Sezon Na Panny Młode

 

1

Londyn, ostatnia dekada panowania królowej Wiktorii

- Ależ jak bym mogła? - spytała lady Agatha Whyte Henriego Arnoux ściszonym głosem, aż do bólu świadoma obecności innych pasażerów w poczekalni dworca kolejowego. - Bigglesworthowie liczą na mnie.
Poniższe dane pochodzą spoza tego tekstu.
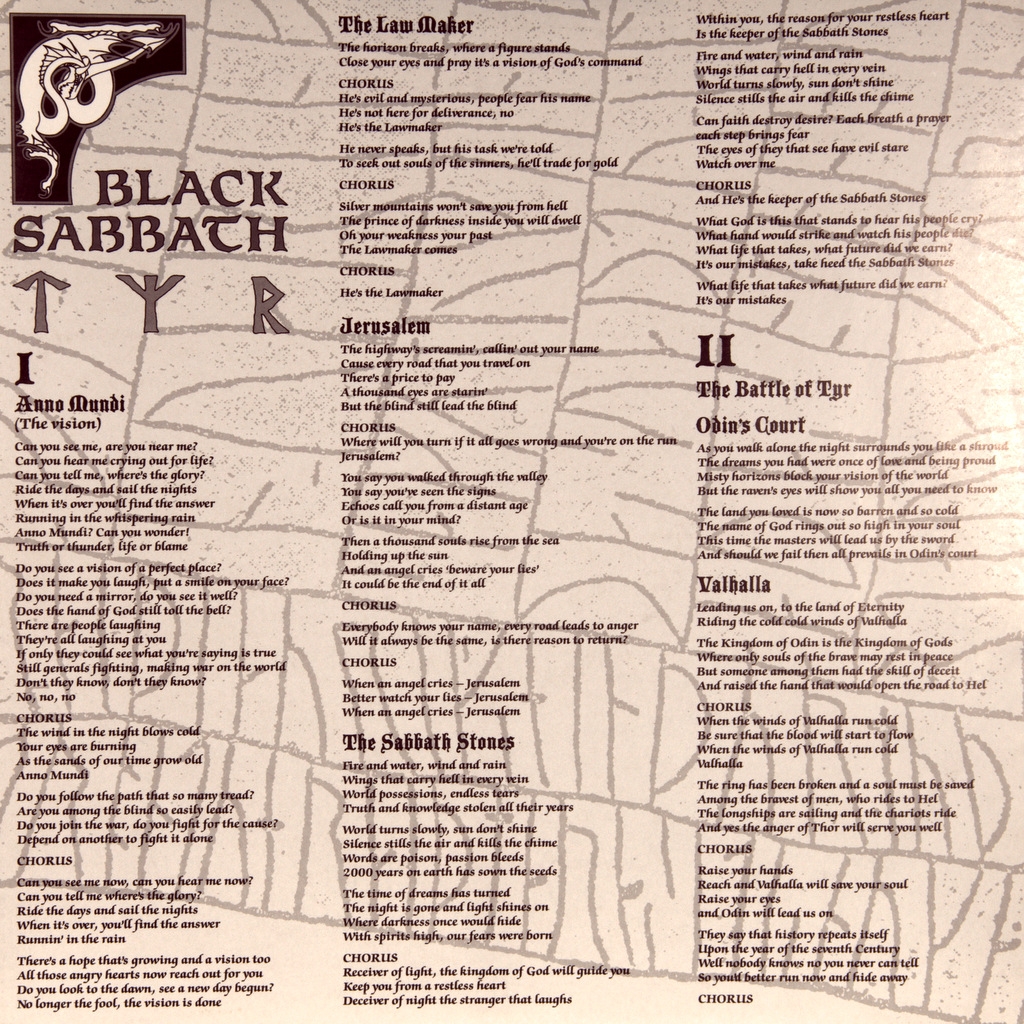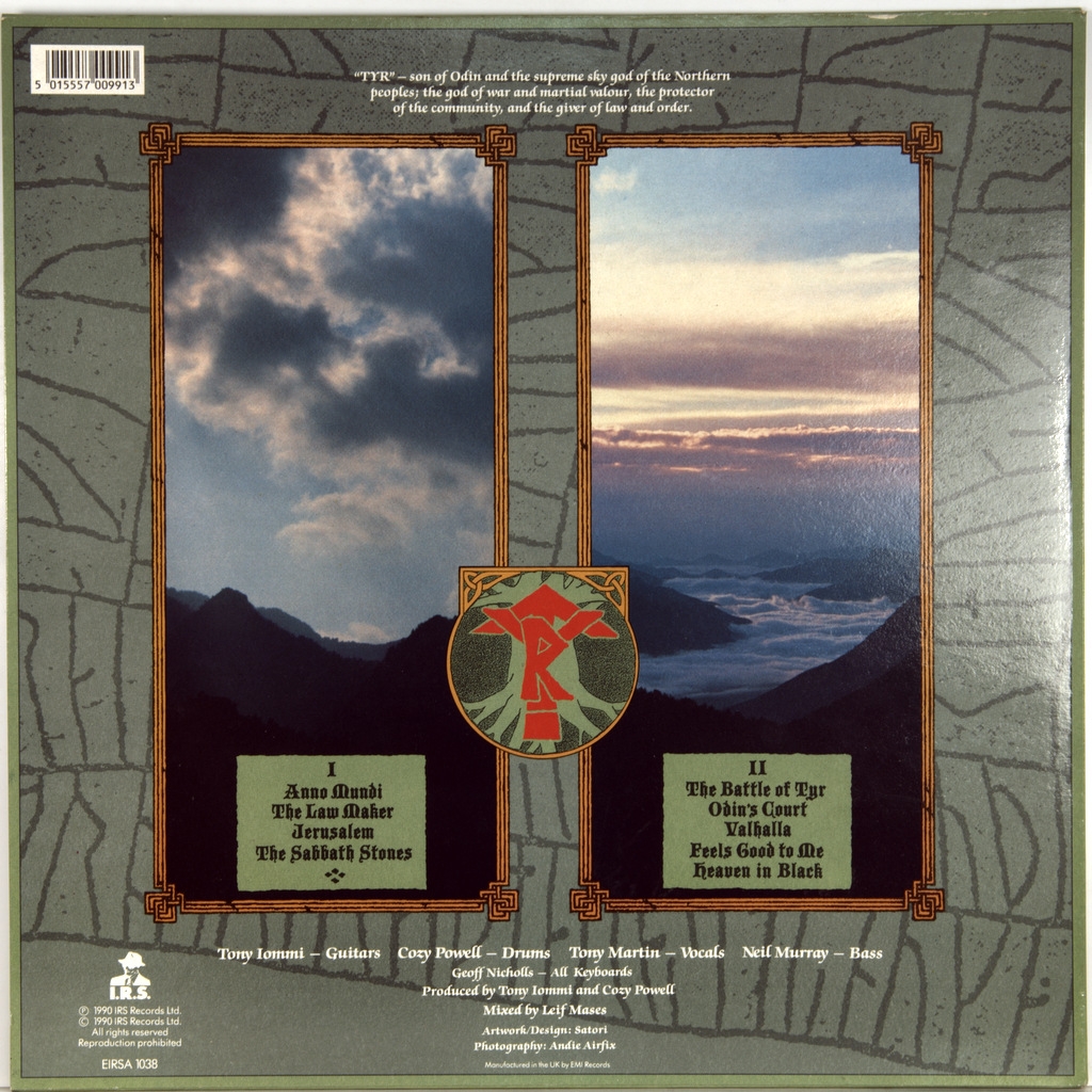 BLACK SABBATH-TYR-1990-ПЕРВЫЙ ПРЕСС UK-I.R.S номер EIRSA1038 Мега редкий британский оригинал. Альбом назван по имени бога воинской доблести Тюра из скандинавской мифологии. Композиция «The Battle of Tyr» и песни: «In Odin’s Court», «Valhalla» посвящены скандинавской мифологии и викингам. В поддержку альбома был выпущен сингл и видеоклип с балладой Feels Good to Me, а также проведено концертное турне.
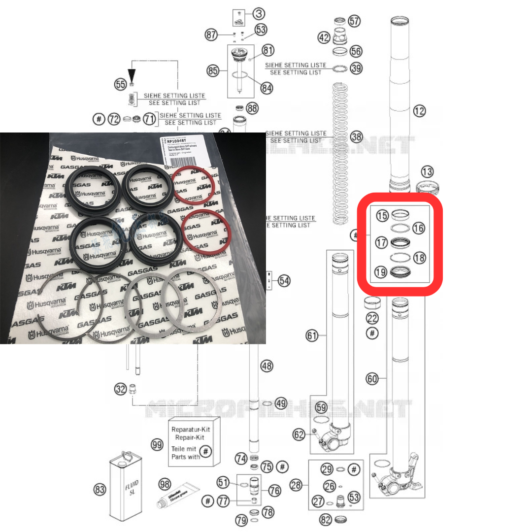 Bộ phớt phuộc chính hãng OEM do SKF sản xuất cho KTM · Husqvarna · GasGas. Được KTM sử dụng làm phụ tùng nguyên bản, đảm bảo chuẩn kích thước và độ bền cao nhất cho phuộc USD WP 48 mm.
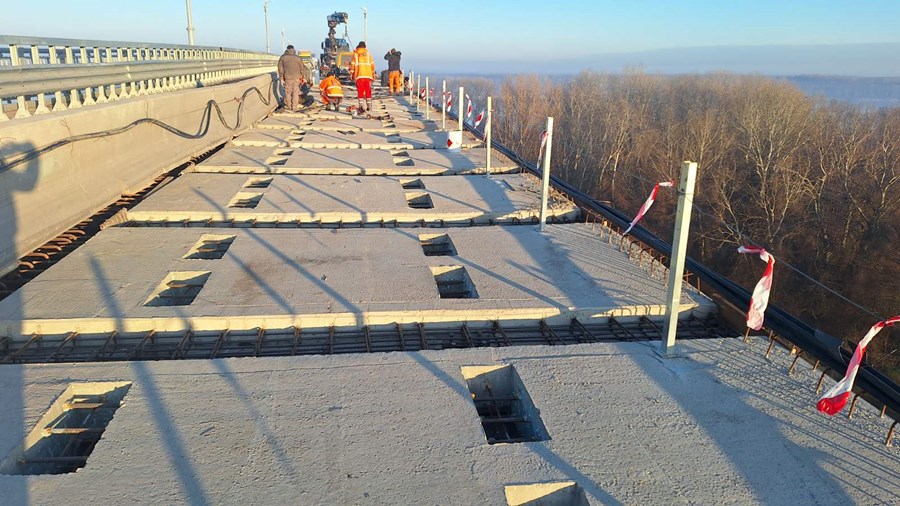 В момента се извършва подмяна на стоманобетонни панели във втория участък на съоръжението. Строителните дейности включват заваряване на болтови дюбели, изграждане на кофраж и армировка. Работи се и по замонолитване на бетонните панели.
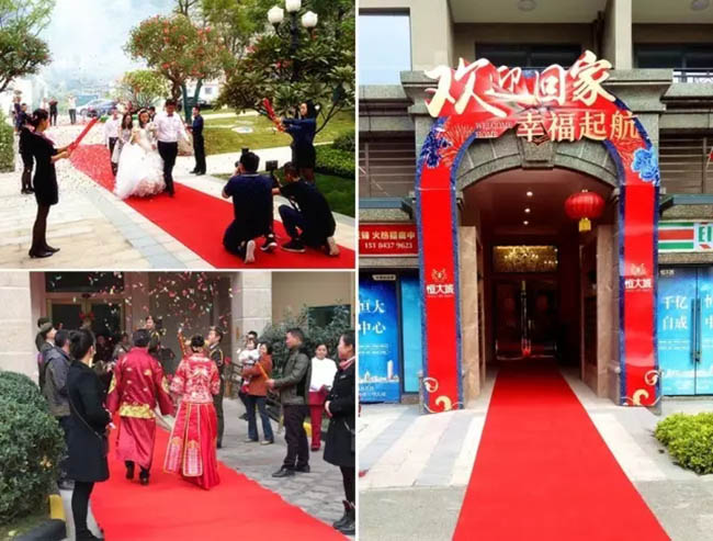 铺红毯、贴喜字、迎礼车,物业人员精心安排。保安员组成的婚礼仪仗队,用标准的军姿迎接婚车的到来。拍下一幅幅照片记录新人的喜庆时刻。
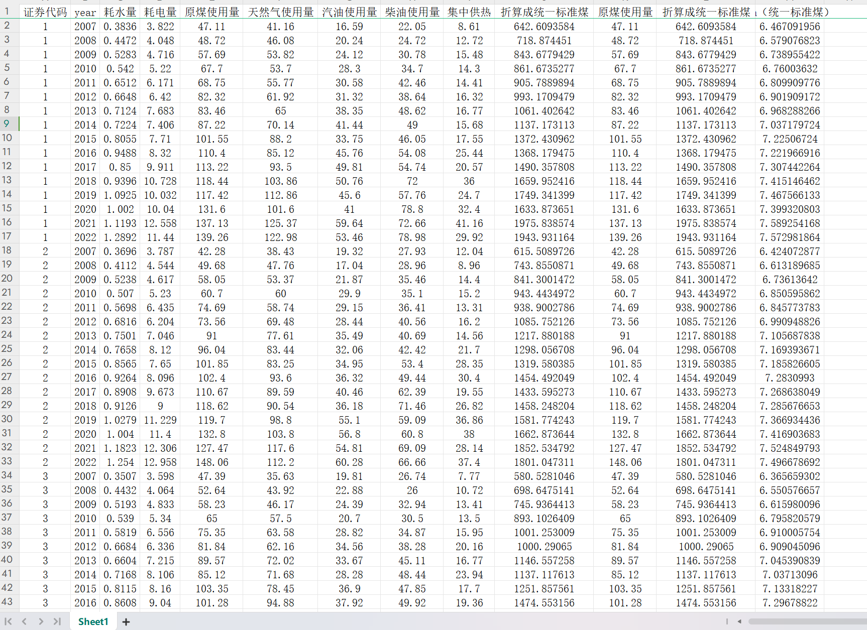 通过权威数据来源搜集上市公司能源消耗的数据并进行分类整理,同时借鉴权威文献来计算对应的能源消耗综合指数。

Obawiają się, że jeśli ceremonia zaślubin i uroczystości weselne nie będą wystarczająco wspaniałe, tak by mogli pokazać, ile są warci, rodzina markiza Cottona nigdy nie uzna młodziutkiej panny Bigglesworth za równą sobie.

- Ale właściwie dlaczego miałabyś się tym martwić, moja droga, kochana lady Agatho? - spytał z przejęciem monsieur Arnoux z cudownym francuskim akcentem.

Lady Agatha spojrzała na niego bezradnie, próbując znaleźć sposób, by opisać swoją pozycję w towarzystwie i płynącą z niej władzę. Nieskromnie byłoby podkreślać swe zasługi, ale z drugiej strony musiała sprawić, by zrozumiał, jak jest teraz potrzebna, nieprawdaż?

A może się tylko łudzę, pomyślała z obawą, i moja rola wcale nie jest taka znaczna...

- Bigglesworthowie są przekonani, że tylko moje zaangażowanie otworzy pannie Angeli drzwi do towarzystwa. Właściwie mówią - dodała, jakby się usprawiedliwiając - że jedynym powodem, dla którego towarzystwo wybierze się na tak odległą prowincję, jak Little Bidewell, będzie fakt, że  to ja zaplanuję uroczystości weselne. Tak jak to zrobiłam dla pańskiej córki, sir. 

Poczuła rumieniec na policzkach. Kiedy ostatni raz się rumieniła? 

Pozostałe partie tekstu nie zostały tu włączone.